Blood Prophecy

CHAPTER 37



Solange


I was floating over the battle, pale and transparent as mist.

For a long, sickening, horrifying moment, I thought I was back in Viola’s spirit castle.

“No,” I said, frantically. “Absolutely not.”

I had to get out of here. I couldn’t be trapped like this again, not now, while I could see my family below fighting for their lives. They glowed faintly blue. I shook my head, as if that would make everything normal again.

“I really can’t be crazy right now,” I moaned out loud.

“Merde, Solange, what are you doing here?”

Isabeau’s voice startled me so thoroughly I hollered, and jerked back violently, spinning like cotton candy at a carnival booth. I came to a dizzying stop while Isabeau floated next to me, frowning delicately.

I flapped my hands at her. “Help me!”

Her eyes were fierce as wolf’s eyes. “Where is your body, Solange?”

“Kieran and I were on one of the platforms,” I said, trying to remember. I squinted at the strange, black-and-white, overexposed photograph of the camp below us. People and vampires glowed like superimposed colorful fireflies. “There!” I pointed, trying to see through the leaves. I could just make out the gold flare of Kieran’s aura outlining his body as he stood over me, where I was sprawled unconscious at his feet.

“I have got to stop doing that,” I muttered.

“Bien.” Isabeau looked relieved. “But this is still most unusual. The energy I put into your spirit cord when you were trapped in the castle must still be linking us.” She looked briefly curious. “You and Logan are both naturals at dreamwalking.”

“That’s great,” I said evenly, trying not to panic. “What the hell is dreamwalking? And how do I stop?”

“Just recline into your body as if it were a bed.”

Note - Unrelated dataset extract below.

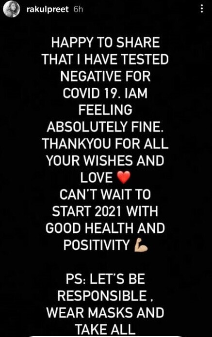रकुल ने इंस्टाग्राम पर अपनी कोरोना नेगेटिव होने की जानकारी शेयर करते हुए लिखा, आप सभी को बताते हुए खुशी हो रही है कि मैं कोविड-19 नेगेटिव आई हूं। मैं बिलकुल अच्छा महसूस कर रही हूं। आप सभी की शुभकामनाओं और प्रेम के लिए शुक्रिया। साल 2021 की शुरुआत बेहतर सेहत और सकारात्मकता के साथ शुरू करने का इंतजार नहीं कर सकती। कृपया आप भी जिम्मेदार बनें, मास्क पहनें और सावधानी बरतें।

I couldn’t quite get the hang of it. I drifted up a few more feet before Isabeau told me to stare at my body and think of heavy things like ship anchors and mountains. Then she shoved me. The feel of her ghostly hand touching my ghostly shoulder was cold and unpleasant and strangely jelly-like.

I reached the top branches of the tree when she yanked me back up. I shivered, cold to my bones.

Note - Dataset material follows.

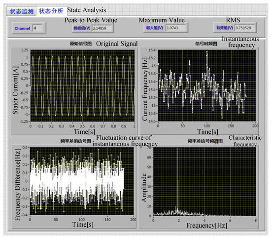 Figure 14 is the front panel of the block diagram program designed by LABVIEW. The proposed strategy is used in this monitoring system. The detection result of the MCT system is given, including short-term original signal, time-frequency spectrum, frequency difference by LS method and fault feature frequency. The last is the spectrum diagram of IMF, which has maximum value of . The input signal of the monitoring system is the stator current, and the output of the system is the working condition of the MCT and fault condition. The experimental results show that the proposed method can effectively eliminate strong interference and solve the problem that the frequency and amplitude of the operating parameters are partially or completely covered by interference.

“Non,” she said sharply, changing her mind. “I am sensing too much strange magic around us. Stay close.” She lifted one of the amulets around her neck. It was round and metallic, the kind people keep perfume in. The same kind I’d kept Madame Veronique’s blood in on a chain around my neck before my birthday. She pulled a long thin thread of white glittering light out of it and looped it around our wrists, where she’d tied the ribbon while she exorcised me. “I cannot wait. The spell must be done now. You will have to come with me.”

“Are you calling up that mystical fog you used the night Mom killed Montmartre and Magda killed Greyhaven?”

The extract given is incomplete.